-happy as hell-
Grace
To stało się inne. On był cichy, łagodny, ja robiłam to czego chciał. Byłam spokojna, nie denerwowałam go. I mimo wszystko, mimo życia bez lęku, oddalaliśmy się od siebie. Byliśmy sobie bardziej obcy teraz, niż w momencie bicia. Wtedy to, to nas łączyło - krzywda i ból. Teraz łączyły nas jedynie wspólne posiłki i udawanie że nie dzieje się nic. Że wszystko jest kurewskie zajebiste.
Leżeliśmy na trawie, przed jego domem. On trzymał mnie za rękę, a ja ściskam jego czarna bluzę i tonelam w jego oczach. Czułam jego oddech na swoim policzku, a jego włosy łaskotały moją szyję, gdy składał na niej miękkie pocałunki. Dla mnie to mogło trwać wieczność. Mogłam leżeć tak, z nim na swoim brzuchu do końca życia. Podniósł się do pozycji siedzącej i złapał moje policzki w swoje ciepłe wielkie dłonie. Kochałam gdy to robił.
- Kochaj mnie - szepnął. - Kochaj mnie, najmocniej jak potrafisz - szepnął, a z każdym słowem był coraz mniej pewny siebie. Pocałował mnie w czoło.
- Kocham cię - przyznałam i mocno się do niego przytuliłam. Jego ręka powędrowała za moje ucho, gdy poprawił opadający kosmyk moich włosów.
- Wyjdź za mnie.
Tęskniłam.
-Gracie, zrobiłem makaron - krzyknął, irytująco delikatnym głosem.
Nie miałam ochoty udawać, że mnie to cieszy.

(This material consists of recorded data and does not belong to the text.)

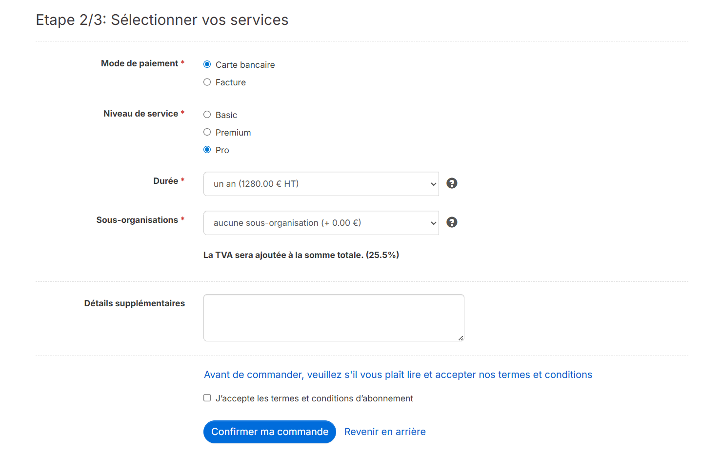 Vous pourrez indiquer ensuite le niveau de service souhaité ainsi que toutes les informations relatives aux modalités de paiement : carte bancaire ou facturation.
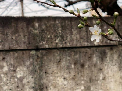 山門を入ってすぐの菊枝垂れ桜が咲き始めました。 まだまだ小さな木ですが、綺麗は花を付けました…
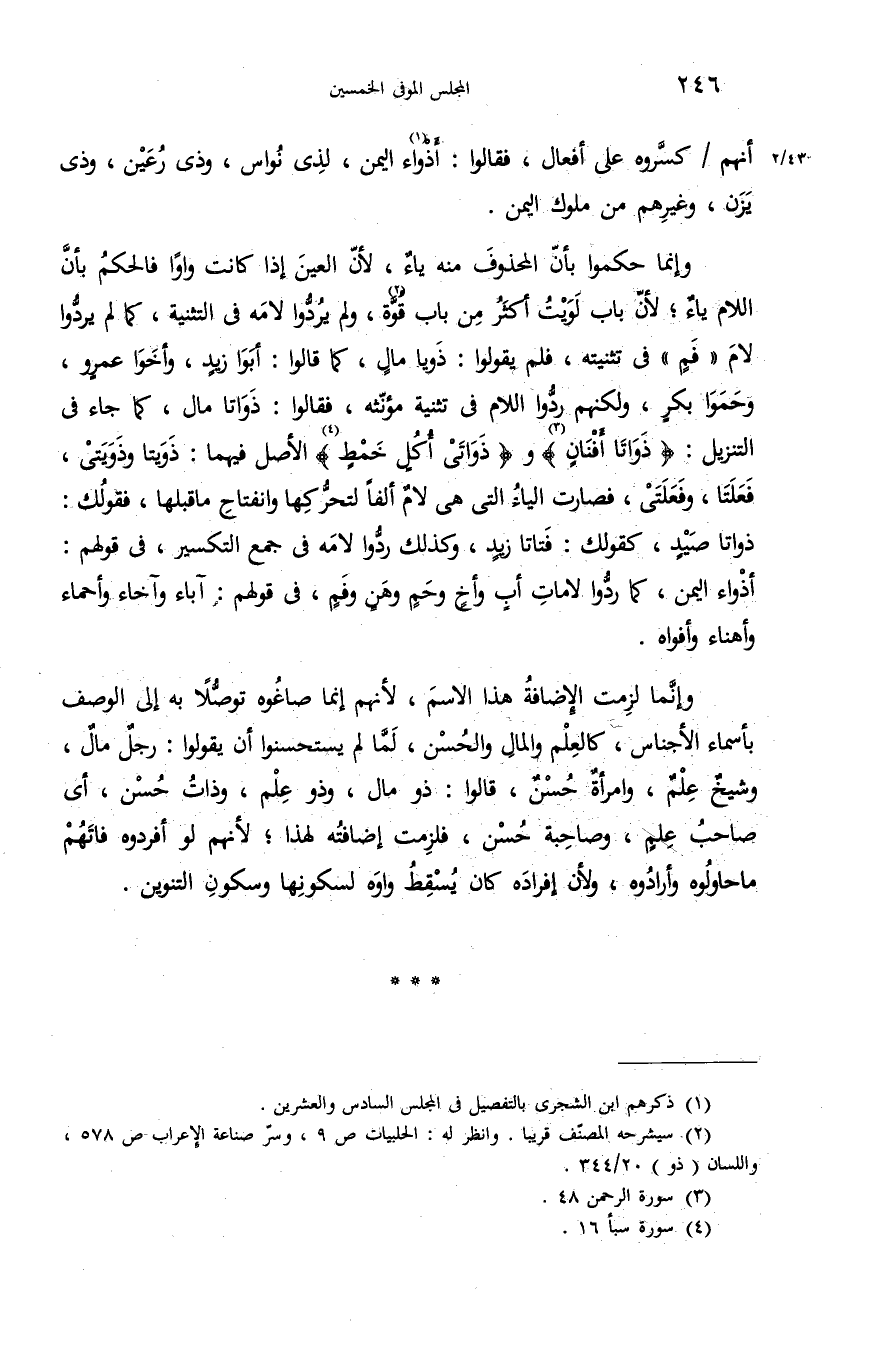 أذواء اليمن، كما ردّوا لامات أب وأخ وحم وهن وفم، فى قولهم: آباء وآخاء وأحماء وأهناء وأفواه.

Nie miałam ochoty tego jeść. Cokolwiek robił dla mnie, przestało być czymś pięknym. W głowie wciąż przewijałam obraz tego jak ściągał swój pasek. Niemal słyszałam jak hałasował, gdy go poprawiał w swojej dłoni. Jak mógł?
Czułam się wtedy słaba, zbita jak dziecko. Czułam się tak jakbym zrobiła coś dużo gorszego od zwykłej rozmowy z chłopakiem, którego nawet nie znałam. Dlaczego tak się zdenerwował? Dlaczego tak zareagował? Nigdy nie skrzywdził, mnie tak bardzo.
- Nie jestem głodna - przyznałam, schodząc po schodach. Nie byłam głodna. Naprawdę. Niemal potykałam się o własne nogi. Byłam zdenerwowana. To dosyć zabawne, stresował mnie obiad z moim mężem, w moim własnym domu.
- Zjesz.
To nawet nie była prośba, czy oznajmienie. To był rozkaz. A nauczyłam się już, że rozkazów się słucha. Prawdopodobnie? Nie, zdecydowanie. Ponieważ konsekwencje mogą być dużo gorsze. Lepiej się słuchać. Bo można ucierpieć. A nie chciałam, już więcej nie chciałam.
- Smacznego - usiadł i zajął się swoim jedzeniem. Nie siliłam się na odpowiedź. Nie byłam głodna, do cholery. Przecież powiedziałam.
Kręciłam się na krześle, wpatrując we wszystko tylko nie w talerz z obiadem. Aż skręciły mi się wnętrzności od samego widoku. A myśl że on zrobił to dla mnie, wcale mnie nie uspokajała.
Jego wzrok powędrował od razu na mnie. Czułam się zastraszona.
- Jedz - znów ten sam ton. I znów zero mojej reakcji. Byłam zła, że tak się zachowywał, jakby miał jakąś pierdoloną władze czy coś.
Wstałam.
- Nie odchodzisz puki nie zjesz - wraz z jego słowami na moje ramię powędrowała jego ręka. Skuliłam się, i choć bardzo nie chciałam - usiadłam z powrotem na krzesło. Nie miałam zbyt dużego wyjścia. On chciał, ja robiłam.
- Musisz zrozumieć, że ja dbam o ciebie - wyjaśnił. No tak. Dbający, kochający mąż, mam szczęście.
- A ty musisz zrozumieć, że nie jestem głodna - nie wiem skąd we mnie ta nagła pewność siebie. W każdym razie nic nie powiedział. Pokazał że jest zły, ale nic nie powiedział. Starał się samego siebie uspokoić.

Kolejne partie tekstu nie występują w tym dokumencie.